Euronav Slips into Loss

  • As Market Rates Put Pressure on Navios Acquisition

Antwerp-based tanker owner and operator Euronav NV ended the second quarter of 2017 with a net loss of USD 24.2 million, compared to a net profit of USD 34.3 million seen in the first quarter of the year.

The company’s revenue in the period decreased to USD 126.4 million from USD 164.1 million reported in the previous quarter.

For the first half of 2017 Euronav had a net profit of USD 10.1 million, significantly lower than the net profit of USD 153.7 million reported in the first half of 2016. The company’s revenue in the first six months of the year dropped to USD 290.5 million from USD 404.4 million seen in the corresponding period a year earlier.

“Euronav made considerable progress during Q2. The confirmation of the extension of our five-year FSO contracts combined with an additional two seven-year time charters provide us with a robust and visible fixed income profile,” Paddy Rodgers, CEO, said.

Rodgers added that the tanker cycle is “positioned at an interesting intersection.”  Demand for oil saw upgrades during the second quarter for both 2017 and 2018 (IEA), supply of oil remains abundant despite OPEC production cuts and modern asset prices appear to have stabilized.

“The key challenge for the tanker market is the concentration of deliveries of newbuildings in both the VLCC and Suezmax sectors over the next 18 months which is putting pressure on the freight rate market.”

“If the illness is low freight rates then the cure is low freight rates as that should drive scrapping activity. Until this inflection point is reached, Euronav retains substantial balance sheet capacity and fixed income visibility to navigate through such a period of lower freight rates and/or to take advantage of expansion opportunities,” Rodgers said.

According to Euronav, the tanker freight market may be more challenging in the near future than in the last ten quarters and as a result the company “may not generate semi-annual positive results.”

As a consequence, the company may not distribute significant interim or final dividends, or any dividends at all, Euronav informed.

Meanwhile, tanker owner and operator Navios Maritime Acquisition Corporation reported a 21.5% decrease in its revenue in the second quarter of 2017, mainly driven by a drop in the market rates.

The company’s revenue for the period stood at USD 58.5 million, as compared to USD 74.5 million seen in the same period of 2016. Net loss for the second quarter was at USD 64.4 million, against a net income of USD 12.1 million reported in the corresponding quarter a year earlier.

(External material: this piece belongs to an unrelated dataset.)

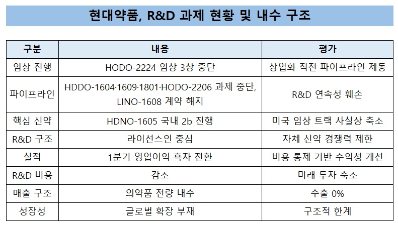결국 현대약품은 R&D와 사업 구조 두 측면에서 동시에 과제를 안고 있다. 파이프라인의 연속성과 글로벌 확장성을 입증해야 하는 동시에 내수 중심 구조에서 벗어난 성장 경로를 제시해야 한다는 의견이 나온다.

The time charter equivalent (TCE) rate was down to USD 17,491 for the three month period ended June 30, 2017, from USD 21,380 reported in the same period of 2016.

“The recent volatility in oil price and the continued uncertainty concerning commodity pricing have affected oil transportation. However, our chartering strategy of seeking long-term employment has insulated us somewhat,” Angeliki Frangou, Chairman and Chief Executive Officer of Navios Acquisition, said.

“We have earned above-market charter rates when spot rates were contracting and period employment was unavailable,” Frangou added.

Revenue for the six month period ended June 30, 2017 decreased by 20.6% to USD 122.9 million, as compared to USD 154.9 million for the same period of 2016. The company said that its net loss for the period reached USD 58.8 million, against a net income of USD 35.9 million reported in the first six months of 2016.

TCE rate decreased to USD 18,475 for the six month period ended June 30, 2017, from USD 22,055 for the six month period ended June 30, 2016.